Totes Kind am Airport-Klo: Mutter studiert Medizin

Bild: Flughafen Wien

Neue Details rund um den schrecklichen Tod eines Kindes (es war ein Mädchen) am Schwechater Flughafen: Die Mutter (27) wurde einvernommen, sagt das Baby sei fix tot gewesen. Jetzt wird die Nigerianerin in die Justizanstalt Korneuburg eingeliefert und dem U-Richter vorgeführt.

Um 18.30 Uhr war am Freitag die schwierige Einvernahme von Agata A. (27) zu Ende. Ihr Anwalt Wolfgang Blaschitz: "Sie war bei der Befragung in einem schlechten Zustand." Die Nigerianerin wird noch heute, einen Tag vor ihrem 28. Geburtstag, in die Justizanstalt Korneuburg (NÖ) eingeliefert. "Wir haben Antrag auf Untersuchungshaft gestellt", bestätigt Staatsanwalt Friedrich Köhl. 

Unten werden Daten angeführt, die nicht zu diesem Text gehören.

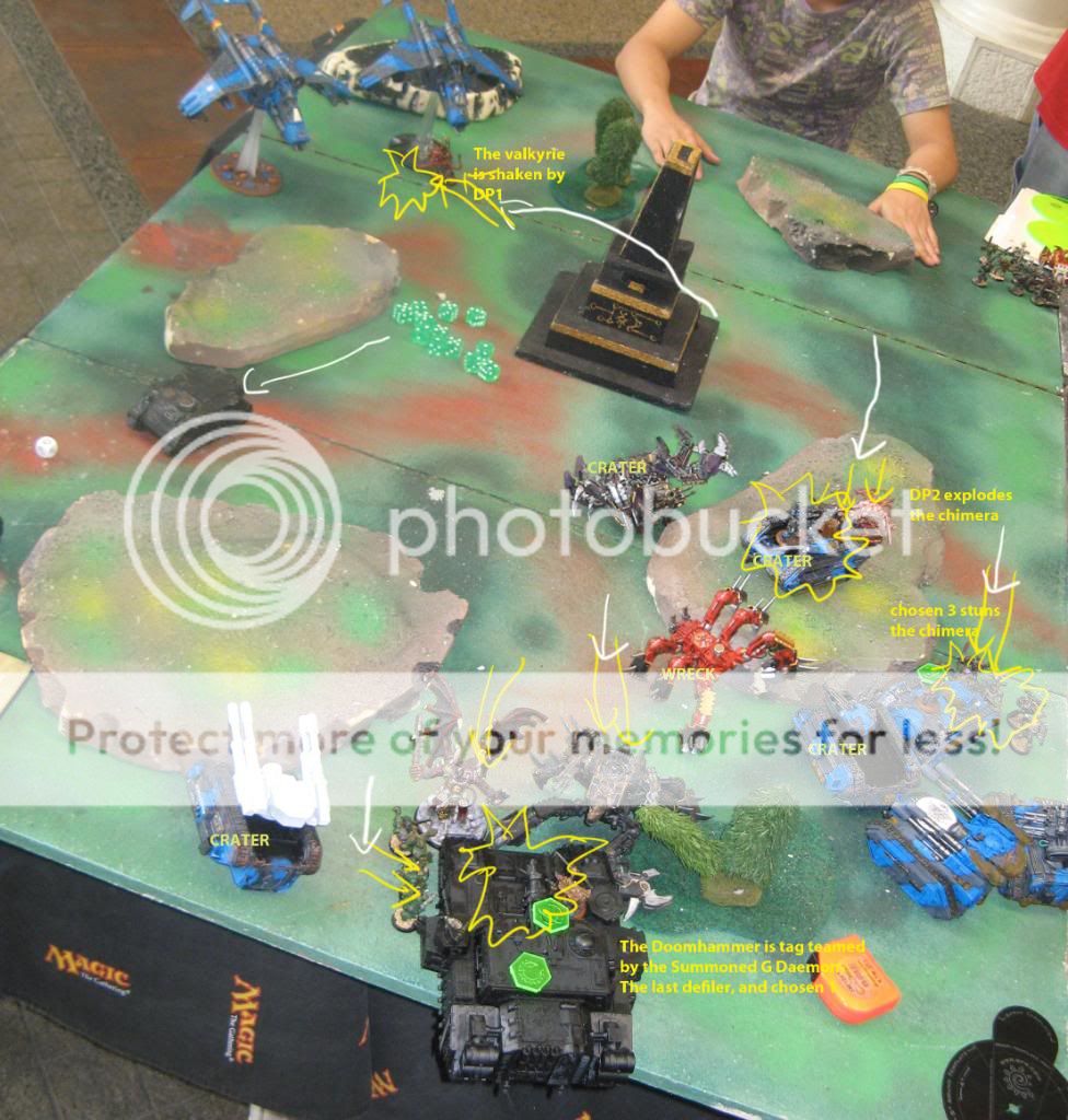 - Chosen 3 must have been shaken badly, as despite it's meltaguns as well as an assault, all it manages to do is to stun the chimera of the PCS. DP1 fails to catch the fast moving valkyrie in aerial combat, but it manages to shake it with a well placed swipe...DP2 however punches through the chimera of the veterans, exploding it and leaving 6 alive...who continue to fight....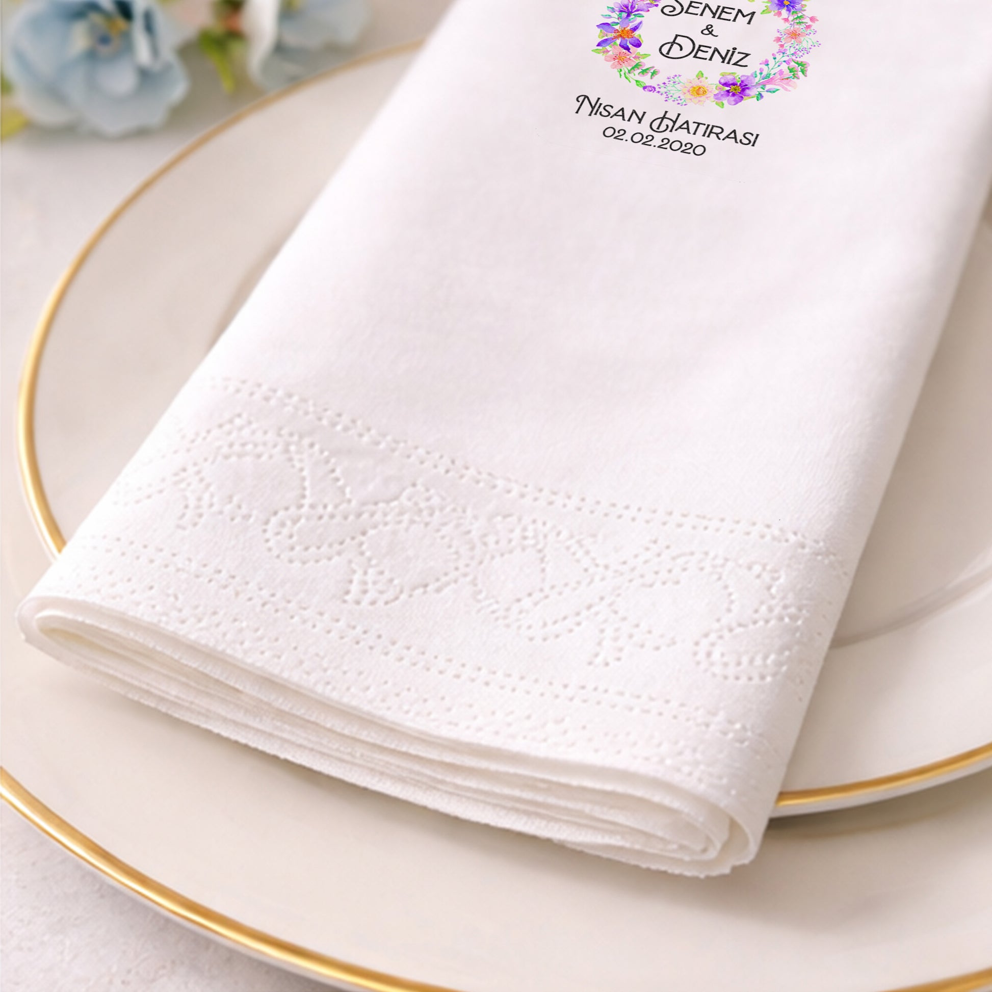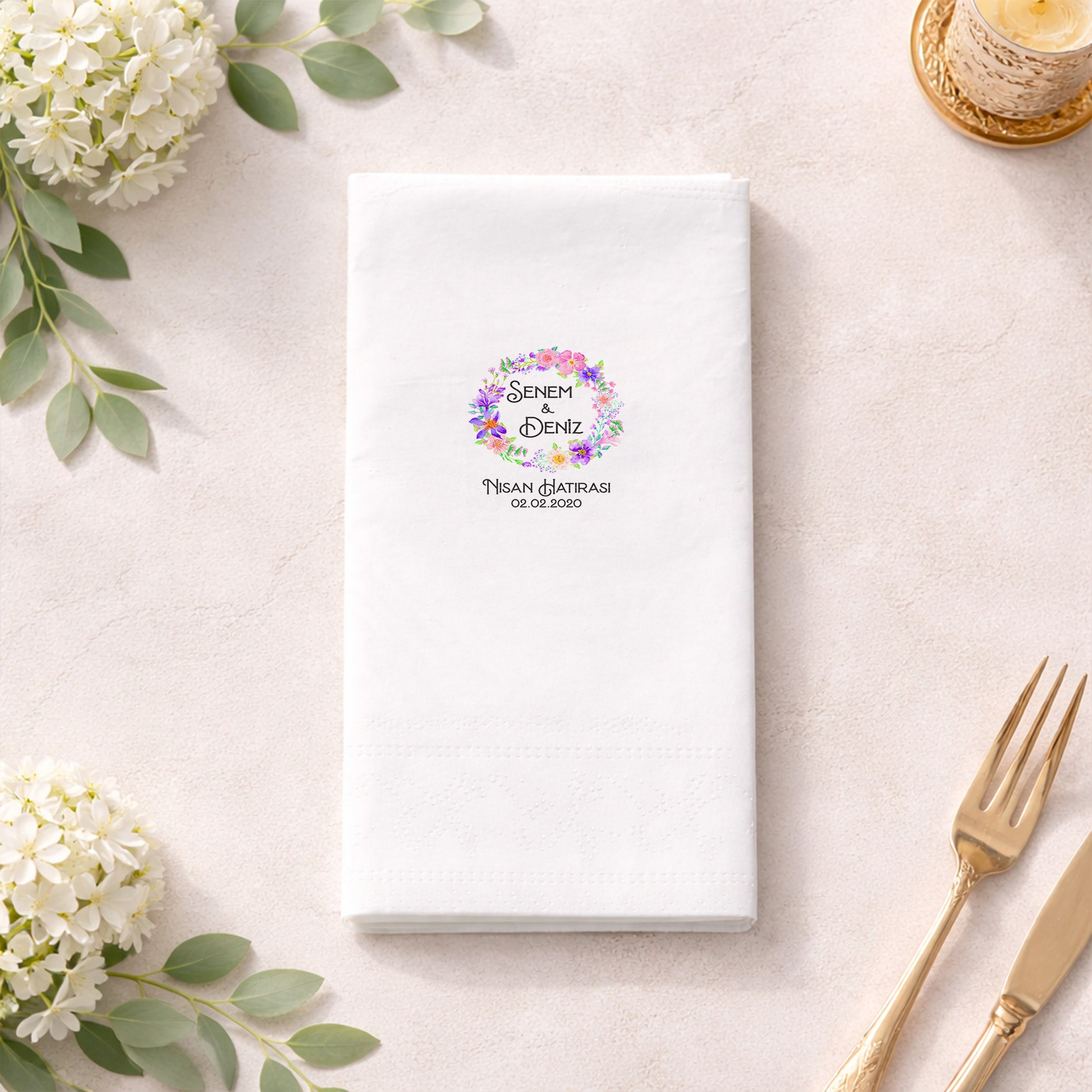 Çiçek çember formu ve sade tipografiyle hazırlanan bu baskılı peçete, nişan organizasyonları için romantik ama dengeli bir sunum sağlar. İsim ve tarih bilgisiyle kişiselleştirilebilen tasarım, özel gün peçetesi olarak estetik bir hatıra oluşturur. Organizasyon peçetesi kullanımında masa düzenine uyumlu ve zarif bir görünüm sunar. Nişan peçetesi olarak tercih edilebilir. Baskılı peçete yüzeyi sayesinde detaylar net ve temizdir. Zamansız ve profesyonel bir nişan konsepti arayan çiftler için ideal bir tercihtir.

Die 27-Jährige war von Weißrussland (dort studiert sie Medizin) zu einem 3-Tages-Kongress nach Washington unterwegs gewesen. Am Flughafen Wien brachte sie dann das Mädchen zur Welt, warf es in den Mistkübel, wurde dann von der Polizei am Terminal aufgefunden. Wie exklusiv berichtet, starb die Kleine dann im SMZ-Ost, auch die blutende Afrikanerin musste ins AKH gebracht werden. Am nächsten Tag wurde sie dann zur Einvernahme zur Polizei in Schwechat gebracht. Laut Star-Verteidiger Blaschitz war die Studentin der Meinung, der Säugling sei tot.

Laut Mutter wäre der planmäßige Geburtstermin erst im Dezember gewesen. Es kann aber auch sein, dass die 27-Jährige vor hatte, das Kind in den USA zur Welt zu bringen (Anm.: Damit hätte das Mädchen automatisch Anspruch auf die US-Staatsbürgerschaft gehabt, Birthright citizenship). Die entscheidende Frage ist aber: War das Kind überlebensfähig? Wenn ja, drohen der Mutter bis zu fünf Jahre Haft. Wenn nicht bleiben - aus juristischer Sicht - nicht viele Anklagepunkte über. "Das geht dann in Richtung Störung der Totenruhe", sagt Advokat Blaschitz.